Saturday, July 31, 2010

Pray to Know the Heart of God in Yours

"In the Mist," Elizabeth Chapman

Psalm 139
O Lord, you have searched me and known me.

2 You know when I sit down and when I rise up;
you discern my thoughts from far away.

3 You search out my path and my lying down,
and are acquainted with all my ways.

4 Even before a word is on my tongue,
O Lord, you know it completely.

5 You hem me in, behind and before,
and lay your hand upon me.

6 Such knowledge is too wonderful for me;
it is so high that I cannot attain it.

“God sustains every soul and dwells in it substantially, even though it be that of the greatest sinner in the world, and this union is natural.”

Let us come in prayer. Let us come asking that our hearts be opened to their most intrinsic truth, that their truest nature is in most merciful and tenderly intimacy with the Indweller whose knowledge of them exists far beyond any they might claim for themselves. Let us pray to know these hearts of ours, as woeful and wanting, as distant and deceiving as they are. Pray to search them with tender mercy, and know them in such intimacy of compassion as they are already known; pray for the grace of coming to know them in that blessed Union which sustains and in which they dwell. Finally, let us pray to come to know all other hearts as we are praying to know our own. Amen.

Friday, July 30, 2010

Prayer

PRAYER

The focus of prayer is not the self. Prayer comes to pass in a complete turning of the heart toward God, toward His goodness and power.


Prayer is an invitation to God to intervene in our lives, to let His will prevail in our affairs.


We go hopelessly astray if we think of prayer as a selfish endeavor to persuade or inveigle, or browbeat God to do us a favor, or win us a victory, or even help us in some dire distress.


He is not some kind of divine bellhop, to be summoned, as by the pressing of a button, to the service of our passing whims.

God does not come to us, but we to Him – and prayer is the high road to His presence.


Prayer does not change God, but changes him who prays.


Prayer cannot mend a broken bridge, rebuild a ruined city, or bring water to parched fields.
Prayer can mend a broken heart, lift up a discouraged soul, and strengthen a weakened will.

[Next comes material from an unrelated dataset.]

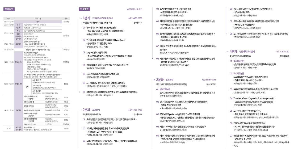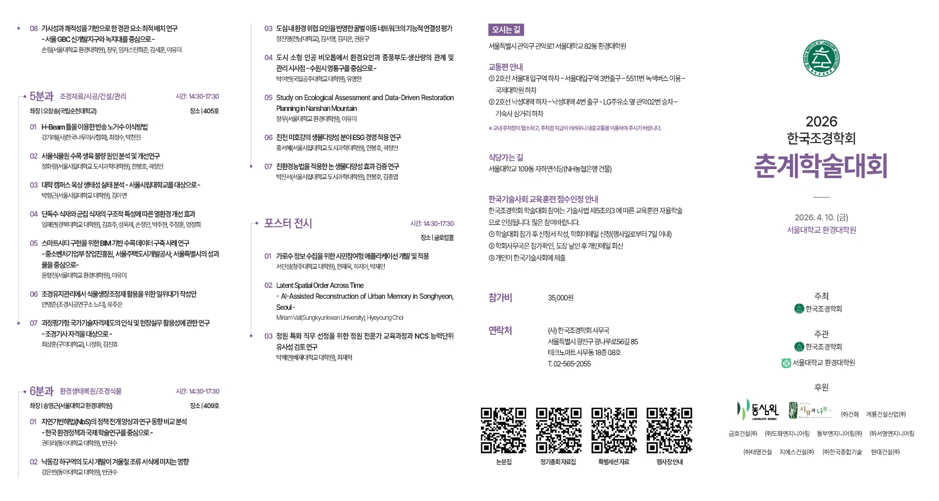 2026 (사)한국조경학회 정기총회 및 춘계학술대회 세부프로그램 및 등록 안내드립니다.

Prayer digs the channels from the reservoir of God’s boundless resources to the tiny pools of our lives.

Our prayers are answered not when we are given what we ask, but when we are challenged to be what we can be.


If I recite my wants, it is not to remind You of them, but only that I may be conscious of my dependence upon You.


Prayer is answered when it enables us to act as God desires.

If you would have God hear you when you pray, you must hear Him when He speaks.


Prayer requires more of the heart than of the tongue.


It is for us to pray not for tasks equal to our powers, but for powers equal to our tasks.


True worship is not a petition to God: it is a sermon to ourselves.


By benevolence man rises to a height where he meets God. Therefore do a good deed before you begin your prayers.


Who rises from prayer a better man, his prayer is answered.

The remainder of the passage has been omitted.